W/c - parents smoked all day in the house, including cannabis
M/c - children have no knowledge their parents ever smoked

W/c- had to walk everywhere ourselves or get public transport
M/c- chauffeur driven everywhere. Even to school and back (less than a mile away)

W/c - no after school activities. Brother started taking himself to football but could never pay his subs (manager let him off)
M/c - expensive activities most days after school and weekends

W/c - parents discuss what a PITA their kids are
M/C - parents discuss how great their kids are

ComeOnSpringtime · 22/01/2022 17:11

That's really not what working class means though. Everybody knows that. Boris Johnson works (to an extent). Would you describe him as working class? The Old Etonians and other very posh, wealthy public schoolboys I knew at university now work quite long hours and earn shedloads of money as merchant bankers, hedge fund managers etc. Are they working class?

You missed the sarcasm.
From my post: In other words, who cares?

The obsession with class is nauseating and the stupid blanket statements about people from x,y,z class is laughable.

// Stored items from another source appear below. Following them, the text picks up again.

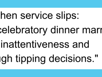 A couple who were celebrating having to wait 25 minutes before they were even noticed by a member…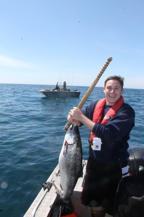 You can only catch your first chinook once in your life and it was a very special moment to be on hand for Jake Wyman’s king salmon number one! Proud father Dave Wyman is in the boat in the background in this shot.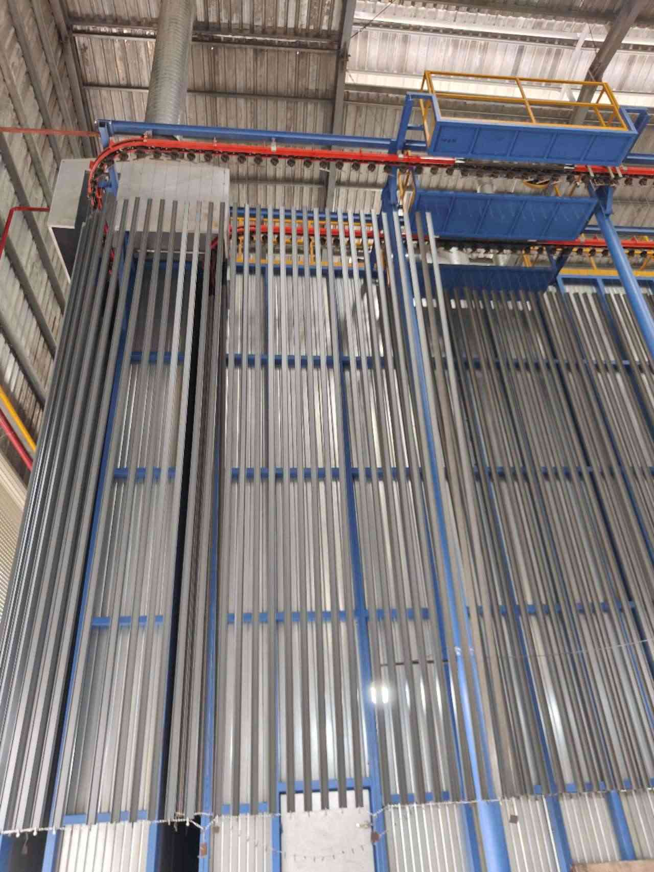 Feature:Automatic Vertical Powder Coating line for Aluminum Profile Surface Treatment Equipment.Save gas and Energy,save space.High quality,high productivity, smooth and durable coating.
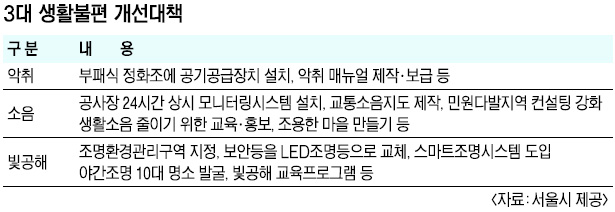 서울시가 악취 문제를 해결하기 위해 모든 부패식 정화조에 공기공급장치를 설치한다. 소음 민원의 79.1%를 차지하는 공사장에 24시간 소음 측정 시스템을 구축하고 빛공해를 줄이기 위해 2017년까지 보안등을 발광다이오드(LED) 조명등으로 100% 교체한다.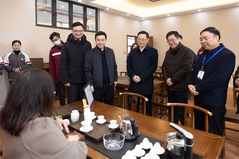 2月15日,宜昌市伍家岗区委副书记、区长谭志军莅临我校检查师生营养午餐工程、食堂管理和食品安全工作,同时就我校在职业教育领域的深耕与发展进行了亲切座谈。政府办主任曾雷、区教育局长湛保华、区市场监督局副局长薛勇、区卫健局相关同志陪同调研。现代教育集团董事长田水荣、副董事长朱宗桥、总经理胡一杰、校长李朝晖、副校长肖飞、事业发展部部长吴可、副部长刘春红、集团办公室副主任李绚与会。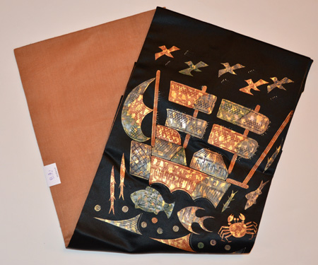 繻子地にアクリル絵の具で帆船とカモメ、お魚さかな達が描かれています。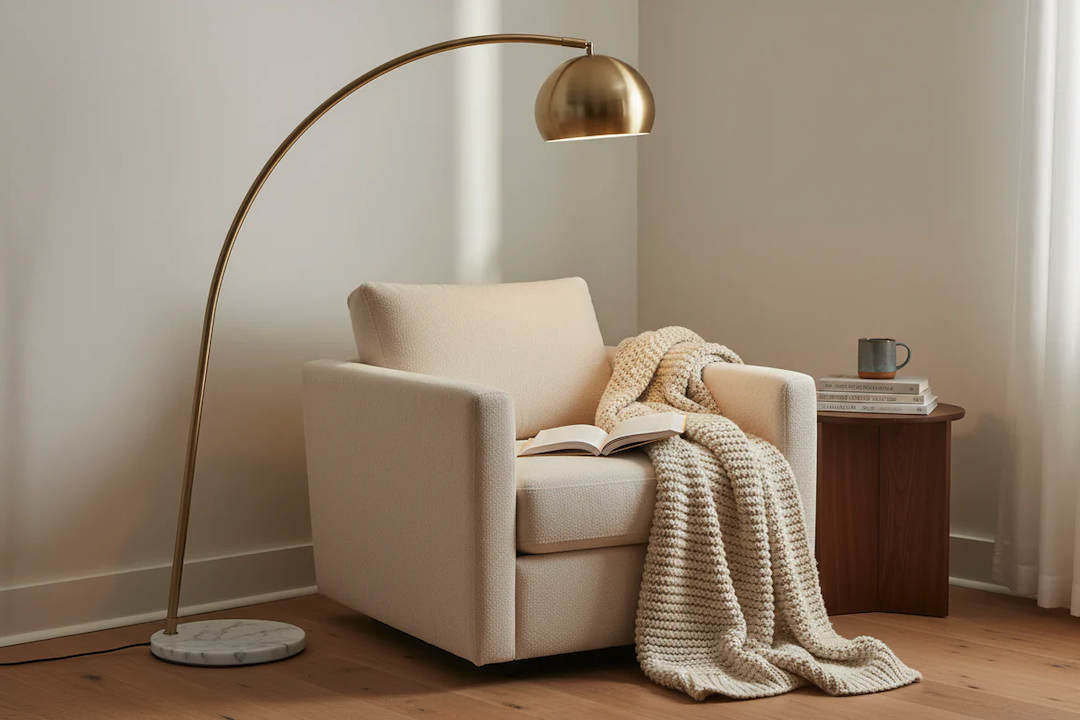 - Arc Lamps: While some arc lamps can be quite grand, there are more compact versions that can be positioned to extend light over a corner without taking up much floor space directly within it.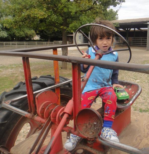 Vincent is driving a tractor! (Gally farm ,near l’Etang la Ville, July 2011).

longtimemarried · 22/01/2022 17:13

What makes me working class . my postcode says it all.

PivotPivotPivottt · 22/01/2022 17:17

@Snog

Brioche is not a regular purchase on your weekly shop.
I'm probably lower than working class (single parent, universal credit, low paid, had my first at 19 etc) and I buy brioche Grinit's from Aldi mind you or occasionally I get it in Iceland Grin
Winterlight · 22/01/2022 17:45

Openly discussing how much things cost or your earnings.

When I first started mixing with middle class people I couldn’t get over the coyness around discussing money.

My upbringing was: if you mention your new dress/house/holiday almost the first question was ‘how much did that set you back?’

Andtheyalllookjustthesame · 22/01/2022 18:22

Massive over generalisation here, but generally I think

If you are too rich to care what class you are, you are upper class.
If you are too poor to care what class you are, you are lower working class.
If you worry about class and especially if you alter your behaviour to be more class than another, then you are some shade of middle class, or the affluent working classes.

Perfectlystill · 22/01/2022 23:04

@Pikaso

Calling the toilet “the bog”

I was brought up working class. Financially I’m now middle class but I still feel very much working class and always will

Oh no! I'm quite posh and all my family including some with titles call it the bog!
couldhavenotcouldof22 · 22/01/2022 23:19

The original meaning of working class was anyone who had to work I.e. did not have inherited capital like aristos etc... In that sense of course I'm working class. I am a professional and own my own house in a reasonable area, but I'm afraid I have to work or else the bills won't get paid! I'm more working class than some family members of mine who haven't ever worked a day in their lives and just sit with their hands out. Any worker is working class. If you don't work, then you're not!

crazyjinglist · 22/01/2022 23:52

You missed the sarcasm. From my post: In other words, who cares?

Answer: lots of people care. And as long as lots of people care, it still matters. Because as long as people care, it still affects how you are perceived and your chances in life.

ComeOnSpringtime · 23/01/2022 00:23

Seems like I hit a nerve there. It's fine if you and lots of people care. Lots don't. Each to their own.

Tullig · 23/01/2022 00:40

@ComeOnSpringtime

Seems like I hit a nerve there. It's fine if you and lots of people care. Lots don't. Each to their own.
It’s not a matter of whether you ‘care’ or not, it’s that social class still is a determining factor in significant things, like educational attainment, opportunities, likely career, life expectancy.
ComeOnSpringtime · 23/01/2022 00:47

Phew! Feels like I'm being preached at, at this point. 😳

It's that serious to some people I guess.

Tullig · 23/01/2022 01:01

@ComeOnSpringtime

Phew! Feels like I'm being preached at, at this point. 😳

It's that serious to some people I guess.

What’s not ‘serious’ about the fact that, in 2017-19, men from the least-deprived areas of England lived a decade longer than those in the most-deprived areas, and women eight years? And that the gap in healthy life expectancy (the number of years you can expect to live in good health) between the two cohorts is almost 20 years?